EXERCISE PROMPT => Look below for the lines from the one with "11月18日中午的12點(d" to the one with "Cette image présente", and copy exactly those lines, both ends included.

RECORDS SHOWN =>
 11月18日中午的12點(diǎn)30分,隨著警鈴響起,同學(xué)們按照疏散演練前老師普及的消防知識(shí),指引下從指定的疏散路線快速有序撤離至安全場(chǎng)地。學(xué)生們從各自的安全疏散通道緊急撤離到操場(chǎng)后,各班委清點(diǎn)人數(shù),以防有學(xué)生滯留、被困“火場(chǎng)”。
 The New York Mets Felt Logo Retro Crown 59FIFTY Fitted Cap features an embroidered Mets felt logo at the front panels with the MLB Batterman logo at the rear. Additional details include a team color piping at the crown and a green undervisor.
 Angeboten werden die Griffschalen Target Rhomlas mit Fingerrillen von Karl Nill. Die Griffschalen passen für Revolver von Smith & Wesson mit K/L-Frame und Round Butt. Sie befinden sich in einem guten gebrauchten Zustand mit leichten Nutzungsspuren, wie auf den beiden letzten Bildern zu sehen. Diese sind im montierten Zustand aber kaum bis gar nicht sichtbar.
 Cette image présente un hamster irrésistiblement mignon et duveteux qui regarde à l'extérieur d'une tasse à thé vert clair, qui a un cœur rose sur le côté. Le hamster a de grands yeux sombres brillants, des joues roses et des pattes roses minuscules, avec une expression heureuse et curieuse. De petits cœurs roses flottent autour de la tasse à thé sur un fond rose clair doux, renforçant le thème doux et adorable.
...
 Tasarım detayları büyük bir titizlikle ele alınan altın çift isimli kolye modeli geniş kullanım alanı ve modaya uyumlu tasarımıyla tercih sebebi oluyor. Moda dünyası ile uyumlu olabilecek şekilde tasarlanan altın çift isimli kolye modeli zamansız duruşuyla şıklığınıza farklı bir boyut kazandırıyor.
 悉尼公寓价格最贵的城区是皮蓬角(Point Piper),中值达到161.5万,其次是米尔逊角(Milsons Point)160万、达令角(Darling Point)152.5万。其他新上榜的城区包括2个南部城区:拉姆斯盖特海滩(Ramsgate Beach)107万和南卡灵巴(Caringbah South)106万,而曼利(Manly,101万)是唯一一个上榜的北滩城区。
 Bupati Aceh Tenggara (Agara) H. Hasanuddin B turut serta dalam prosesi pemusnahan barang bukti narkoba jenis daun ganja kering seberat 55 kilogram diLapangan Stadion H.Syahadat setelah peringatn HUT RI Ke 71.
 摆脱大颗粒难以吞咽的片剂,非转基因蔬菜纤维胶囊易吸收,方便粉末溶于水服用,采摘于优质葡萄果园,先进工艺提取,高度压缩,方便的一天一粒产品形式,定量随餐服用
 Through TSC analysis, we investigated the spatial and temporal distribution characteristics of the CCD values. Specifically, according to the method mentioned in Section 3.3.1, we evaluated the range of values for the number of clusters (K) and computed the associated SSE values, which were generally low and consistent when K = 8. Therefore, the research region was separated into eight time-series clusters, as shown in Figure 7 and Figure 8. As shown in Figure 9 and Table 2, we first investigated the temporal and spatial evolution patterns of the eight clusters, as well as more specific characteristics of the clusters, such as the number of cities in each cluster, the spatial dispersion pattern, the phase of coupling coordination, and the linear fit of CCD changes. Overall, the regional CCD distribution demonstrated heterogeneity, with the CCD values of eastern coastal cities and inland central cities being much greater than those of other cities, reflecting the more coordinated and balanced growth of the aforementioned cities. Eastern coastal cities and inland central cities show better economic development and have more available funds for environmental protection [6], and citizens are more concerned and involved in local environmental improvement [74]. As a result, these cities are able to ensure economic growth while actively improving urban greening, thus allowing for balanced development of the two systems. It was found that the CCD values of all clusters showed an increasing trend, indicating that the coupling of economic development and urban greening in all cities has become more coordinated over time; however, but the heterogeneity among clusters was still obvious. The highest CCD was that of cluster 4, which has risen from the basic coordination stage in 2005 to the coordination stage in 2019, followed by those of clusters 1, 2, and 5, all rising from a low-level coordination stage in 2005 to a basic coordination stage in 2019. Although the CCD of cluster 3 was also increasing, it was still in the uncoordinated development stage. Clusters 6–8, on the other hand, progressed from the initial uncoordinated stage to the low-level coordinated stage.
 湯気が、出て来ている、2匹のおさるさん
--
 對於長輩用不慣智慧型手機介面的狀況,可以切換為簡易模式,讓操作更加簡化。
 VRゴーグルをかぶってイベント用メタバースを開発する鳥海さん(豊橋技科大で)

COMPLETED TASK =>
 11月18日中午的12點(diǎn)30分,隨著警鈴響起,同學(xué)們按照疏散演練前老師普及的消防知識(shí),指引下從指定的疏散路線快速有序撤離至安全場(chǎng)地。學(xué)生們從各自的安全疏散通道緊急撤離到操場(chǎng)后,各班委清點(diǎn)人數(shù),以防有學(xué)生滯留、被困“火場(chǎng)”。
 The New York Mets Felt Logo Retro Crown 59FIFTY Fitted Cap features an embroidered Mets felt logo at the front panels with the MLB Batterman logo at the rear. Additional details include a team color piping at the crown and a green undervisor.
 Angeboten werden die Griffschalen Target Rhomlas mit Fingerrillen von Karl Nill. Die Griffschalen passen für Revolver von Smith & Wesson mit K/L-Frame und Round Butt. Sie befinden sich in einem guten gebrauchten Zustand mit leichten Nutzungsspuren, wie auf den beiden letzten Bildern zu sehen. Diese sind im montierten Zustand aber kaum bis gar nicht sichtbar.
 Cette image présente un hamster irrésistiblement mignon et duveteux qui regarde à l'extérieur d'une tasse à thé vert clair, qui a un cœur rose sur le côté. Le hamster a de grands yeux sombres brillants, des joues roses et des pattes roses minuscules, avec une expression heureuse et curieuse. De petits cœurs roses flottent autour de la tasse à thé sur un fond rose clair doux, renforçant le thème doux et adorable.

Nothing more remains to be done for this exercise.